“经理在吗?我找一下。”
何雨柱的气度沉稳,完全不像一个十五岁的少年。
同和居的经理被请了出来,看着眼前这个年轻人,有些摸不着头脑。
“同志,您有什么事?”
“包间。”
何雨柱开门见山。
“我要包下你们这儿最大、最气派的两个包间,今天晚上用。”
经理一愣。
“另外,酒席要最高规格的,什么菜最贵、最见功夫,就上什么。酒要最好的,管够。”
这番话掷地有声,带着一股不容置疑的气魄。
经理打量着何雨柱,最终还是点了点头,这年头,没人会跟钱过不去。
傍晚,丰泽园后厨收工的铃声响起。
众人正准备脱衣下班,何雨柱却走到了后厨的正中央。
他没有说话,而是先对着所有人,无论职位高低,无论是掌勺的大厨,还是择菜的学徒,都恭恭敬敬地抱了抱拳。
这个举动,让所有人都停下了手里的动作,诧异地看着他。
“各位师傅,各位前辈,各位兄弟。”
何雨柱的声音清晰而洪亮,传遍了后厨的每一个角落。
“小子何雨柱,今天侥幸得经理和各位老师傅的看重,提拔为头灶,实在是诚惶诚恐。”
他的姿态放得极低,脸上带着与年龄不符的谦逊与真诚。
“小子年轻,无论是锅里的手艺,还是锅外的为人处世,都还有太多需要向各位前辈学习的地方。”
“今晚,我在同和居备了两桌薄酒,斗胆想请各位前辈、各位兄弟赏个脸,喝一杯‘拜师酒’!”

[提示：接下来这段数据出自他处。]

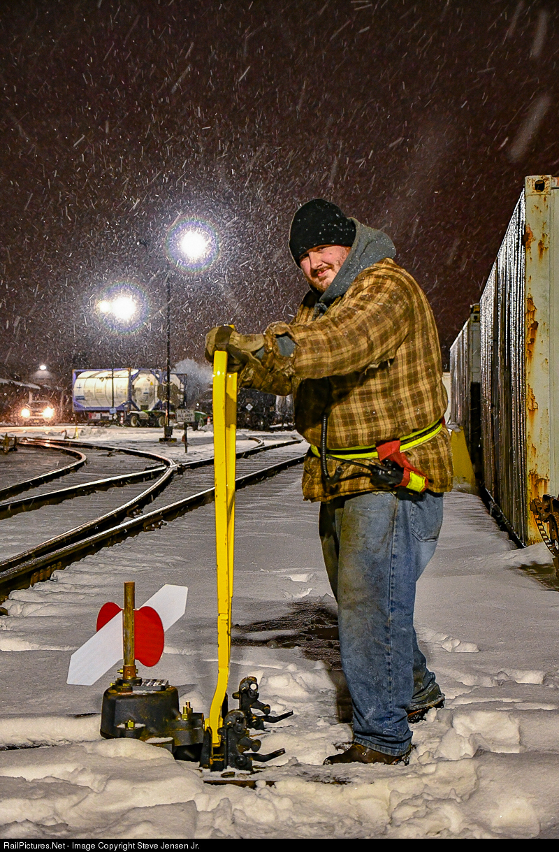The PU-2 Conductor braves the harsh winter elements to make sure the customers get their freight in the Pureland Industrial Complex
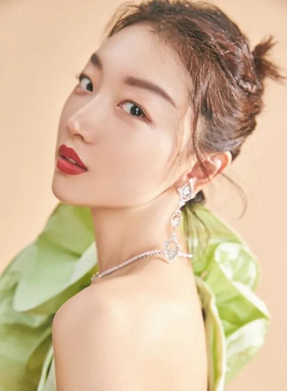 周冬雨的身材一向是偏瘦弱的,而绿色的礼服却让她身材曲线变得更加完美了一些,尤其是肩颈部分的设计,既突出了她的直角肩,花朵的设计又让她增加了一份高贵冷艳感。

“以后,还望各位前辈多多提携,小子要是有什么做得不对的地方,您尽管骂,尽管指点!”
一番话说得滴水不漏,情真意切。
“拜师酒”三个字一出,那几位原本还心有芥蒂的老师傅,身体都是微微一震。
他们本以为,这少年天才,必定会恃才傲物,没想到,竟是如此的懂事,如此的上道!
而且,请客的地点,还是同和居!
用对手饭庄的最高规格酒席来宴请自家人,这手笔,这气魄,这给足所有人的面子……
众人心中的那点不舒服,瞬间被巨大的惊愕和一丝丝的认同所取代。
当晚,同和居最大的“富贵厅”和“牡丹厅”灯火通明。
气氛从一开始的些许拘谨,在何雨柱一杯杯敬出的酒中,迅速变得热烈起来。
他端着酒杯,从首席的几位老师傅开始,一个不落。
敬到王师傅面前,他先干为敬:“王师傅,您那手‘糟溜鱼片’,火候堪称一绝,小子我学了多久都不得其神,以后您可得教我两手!”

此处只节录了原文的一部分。